# Adobe Photoshop CS5??



## stang96mj (May 2, 2010)

Hi all. I am doing a little reasearch on this product. Can you tell me what the difference between the PS CS5 and the extended version is if any??  Where is the BEST place to purchase this? Does anyone know about the student/teacher discounted one?? Thanks for your help!!


----------



## mrpink (May 2, 2010)

stang96mj said:


> Hi all. I am doing a little reasearch on this product. Can you tell me what the difference between the PS CS5 and the extended version is if any??  Where is the BEST place to purchase this? Does anyone know about the student/teacher discounted one?? Thanks for your help!!



Education discount versions are identical, with the exception of only getting one license key instead of two.




p!nK


----------



## stang96mj (May 2, 2010)

mrpink said:


> stang96mj said:
> 
> 
> > Hi all. I am doing a little reasearch on this product. Can you tell me what the difference between the PS CS5 and the extended version is if any?? Where is the BEST place to purchase this?

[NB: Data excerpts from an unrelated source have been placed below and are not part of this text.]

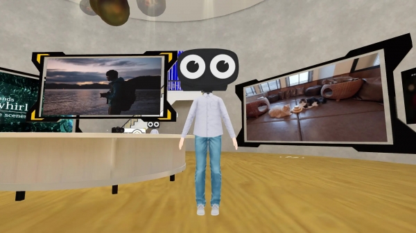 カメラEOS R5と、キヤノン初のVRレンズRF5.2mm F2.8 L DUAL FISHEYEを使用して撮影した立体視映像の世界観を楽しむことができます。コンテンツはキックボクシング、猫カフェ、ミュージックビデオ、ダンスの4種類です。それぞれのシチュエーションの立体視映像体験ができます。
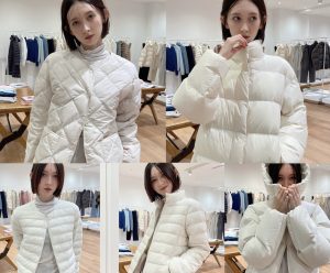「パウダーソフトダウンジャケット」は、試着した白ダウンの中で、防寒性と着心地、美シルエットのトータルバランスがダントツ! 幅のあるキルティングや上品なツヤ感で冬コーデが一気に洒落見えするし、細部にまでこだわった防寒対策のおかげで、真冬でも快適に過ごせそう。空港コーデやKアイドルっぽいファッションにもマッチするデザインも好評でした♡
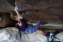 Blue Lizard Climbing and Yoga Hueco Tanks guiding, Kyle, Sam, and Sophie, on December 26, 2016
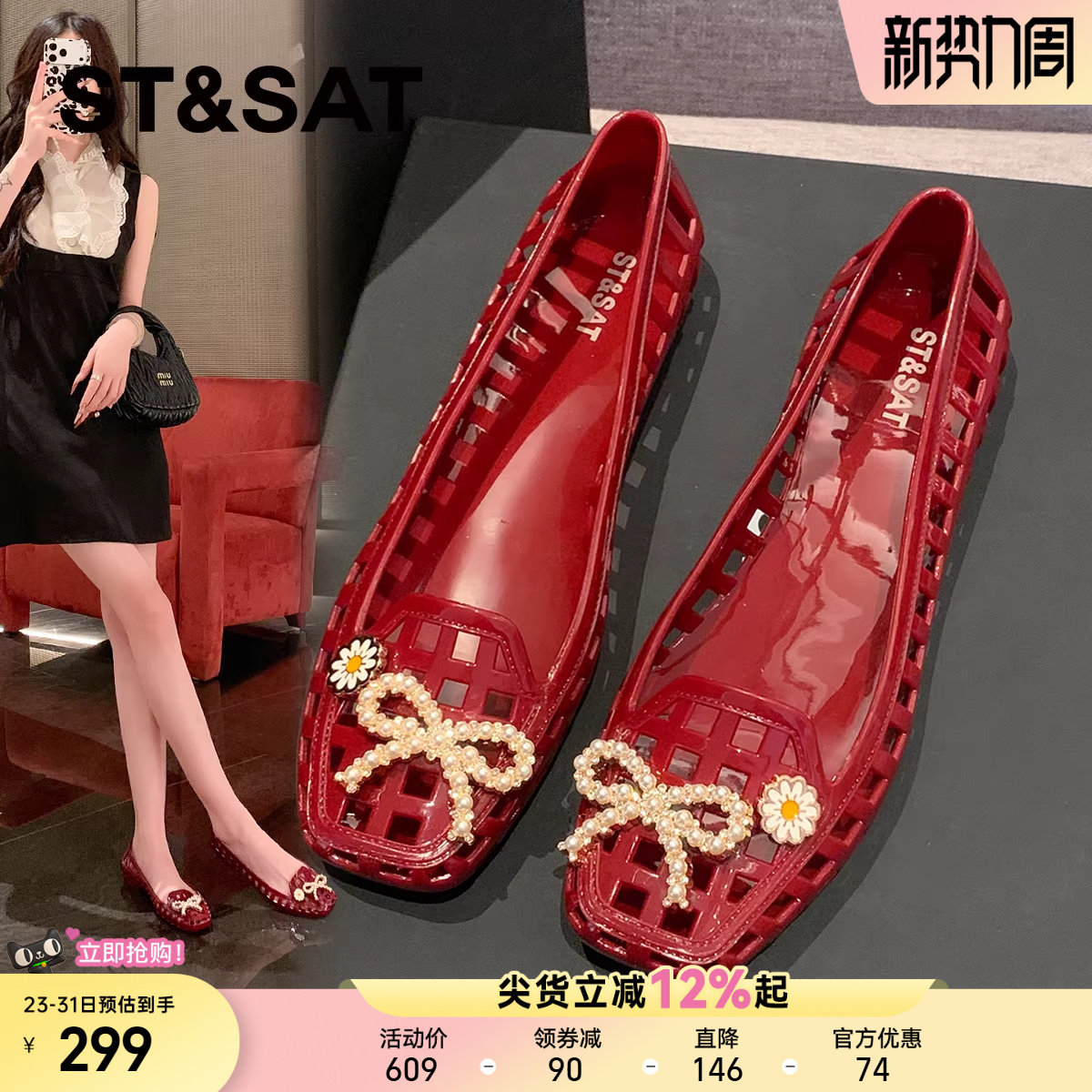 星期六爆款红色镂空果冻水晶鞋女鞋2026春夏新款软底气质罗马凉鞋
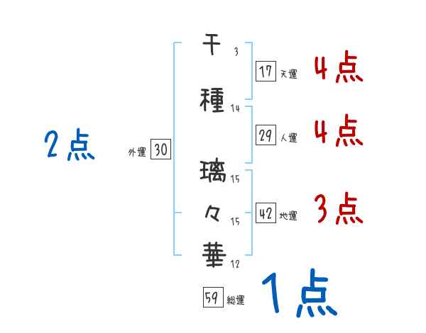 人運![]() | 千種璃々華さんの人運は29画の4つ星!完全主義で才能がある。厳格な心の持ち主。 性格や才能などを表す2番目に重要な運勢です。人間関係や協調性、社会的な成功に影響します。主に20歳から50歳ぐらいまでの中年期の運勢を表します。 |

Does anyone know about the student/teacher discounted one?? Thanks for your help!!
> ...


 license key???


----------



## mrpink (May 2, 2010)

stang96mj said:


> mrpink said:
> 
> 
> > stang96mj said:
> ...



Yes, with one license key, you can install and run the program on one computer.  With two keys, you can install and run the program on two computers.




p!nK


----------



## Goontz (May 2, 2010)

stang96mj said:


> license key???



You know, the combination of letters and numbers that allow you to use the program that any major software uses to help counteract piracy and validate your copy? 


Here's a great site that has all the information between the two versions: photo editing programs, photo editing software | Adobe


----------



## stang96mj (May 2, 2010)

Also where is the best site to download the free trial? I tried one but it asked me to turn of security and stuff like that ???? Plus I can't find the actual program its just some info in a folder?!?!     Thanks


----------



## Bitter Jeweler (May 2, 2010)

Photoshop might be too complicated for you.


----------



## Abby Rose (May 2, 2010)

I downloaded my free trial right off the adobe website. Just keep clicking stuff till you get to the page, its not too hard to find.


----------



## Goontz (May 2, 2010)

The Adobe site itself is probably the only place you should trust to download the trial. Just how much research have you actually done?


----------



## KmH (May 3, 2010)

stang96mj said:


> Also where is the best site to download the free trial? I tried one but it asked me to turn of security and stuff like that ???? Plus I can't find the actual program its just some info in a folder?!?! Thanks


 *www.adobe.com*


----------



## AlexColeman (May 3, 2010)

Herr Derr.


----------